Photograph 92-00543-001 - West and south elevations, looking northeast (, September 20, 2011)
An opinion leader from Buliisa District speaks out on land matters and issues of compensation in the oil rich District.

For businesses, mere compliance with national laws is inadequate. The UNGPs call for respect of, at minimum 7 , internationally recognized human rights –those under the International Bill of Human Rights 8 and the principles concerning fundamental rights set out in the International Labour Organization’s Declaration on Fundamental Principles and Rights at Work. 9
---
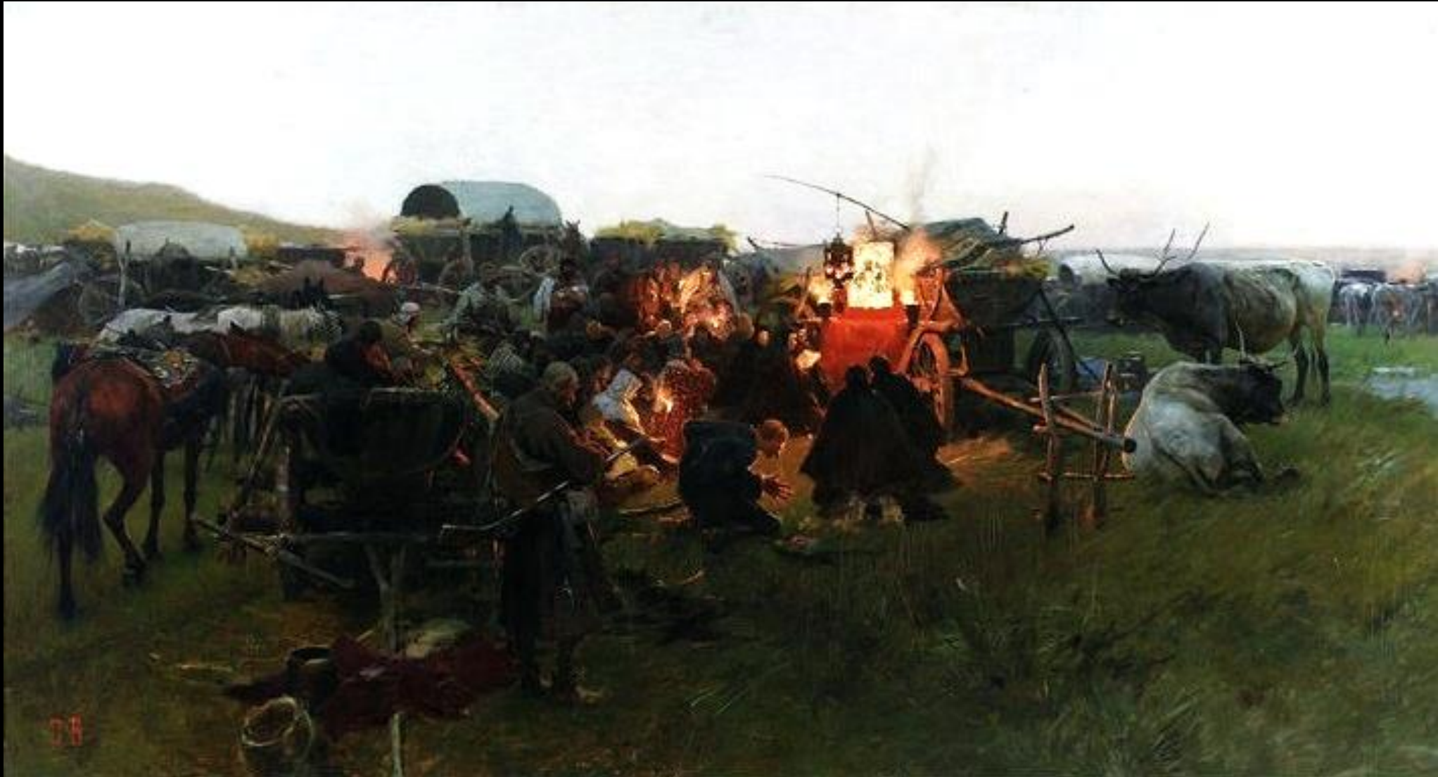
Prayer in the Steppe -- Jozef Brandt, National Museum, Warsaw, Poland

▸ Exercise directions
Within the material above, the line with "Photograph 92-00543-001 - West" opens the range and the line with "For businesses, mere" closes it; reproduce that range word for word.

▸ Solution for this task
Photograph 92-00543-001 - West and south elevations, looking northeast (, September 20, 2011)
An opinion leader from Buliisa District speaks out on land matters and issues of compensation in the oil rich District.

For businesses, mere compliance with national laws is inadequate. The UNGPs call for respect of, at minimum 7 , internationally recognized human rights –those under the International Bill of Human Rights 8 and the principles concerning fundamental rights set out in the International Labour Organization’s Declaration on Fundamental Principles and Rights at Work. 9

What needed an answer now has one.